Editing the same array in the extension seems not to work, too:
using System;
using System.Linq;
public static class Extensions
{
public static void Add<T>(this T[] _self, T item)
{
Array.Resize(ref _self, _self.Length + 1);
_self[_self.Length - 1] = item;
}
}
public class Program
{
public static void Main()
{
string[] test = { "Hello" };
test = test.Concat(new string[] { "cruel" }).ToArray();
test.Add("but funny");
Console.WriteLine(String.Join(" ", test) + " world");
}
}
What did I get wrong here, how can I use it as extension?

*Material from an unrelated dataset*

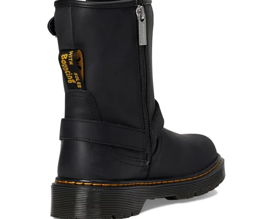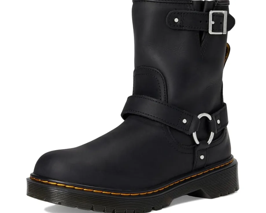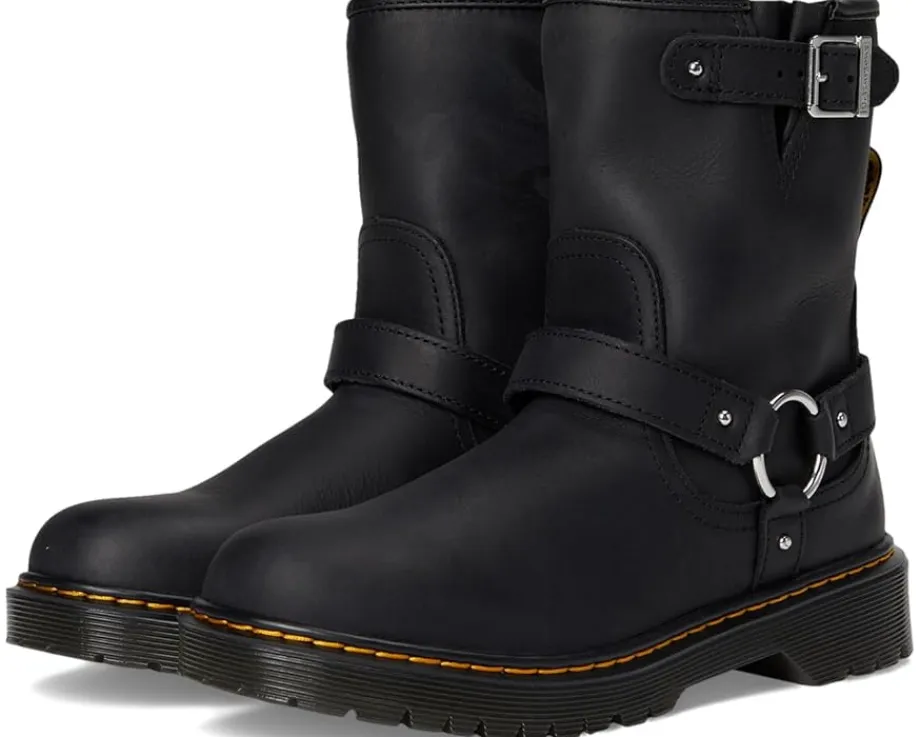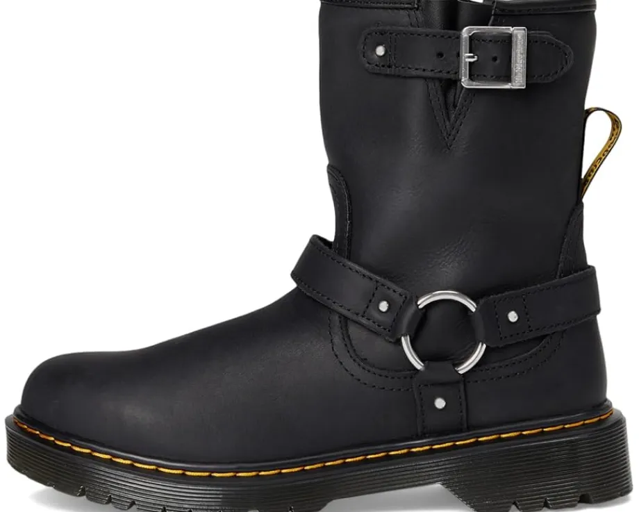 - The Dr. Martens® Genaya boot stands out and stands tall, taking a nod from biker style on an elevated Bex sole. The durable Wyoming leather is playground friendly and detailed with a harness and side zip for easy on/off. It is signed with DM’s unmistakable yellow stitching.

.dotNet fiddle: https://dotnetfiddle.net/9os8nY or https://dotnetfiddle.net/oLfwRD
(It would be great to find a way so I can keep the call test.Add("item");
)
You are assigning a new reference to the argument,it won't change the actual array unless you pass it as ref
parameter. Since this is an extension method it's not an option. So consider using a normal method:
public static void Add<T>(ref T[] _self, T item)
{
_self = _self.Concat(new T[] { item }).ToArray();
}
Add(ref test, "but funny");
Or if you insist on using extension methods you need to make the array second parameter in order to use ref:
public static void AddTo<T>(this T item, ref T[] arr, )
{
arr = arr.Concat(new T[] { item }).ToArray();
}
"but funny".AddTo(ref test);
Array.Resize
doesn't work. Because it changes the _self
, not the test
array. Now when you pass a reference type without ref
keyword, the reference is copied. It's something like this:
string[] arr1 = { "Hello" };
string[] arr2 = arr1;
Now, if you assign a new reference to arr2
, it will not change arr1
's reference.What Array.Resize
is doing is that since resizing an array is not possible, it creates a new array and copies all elements to a new array and it assigns that new reference to the parameter (_self
in this case).So it changes the where _self
points to but since _self
and test
are two different references (like arr1
and arr2
), changing one of them doesn't affect the other.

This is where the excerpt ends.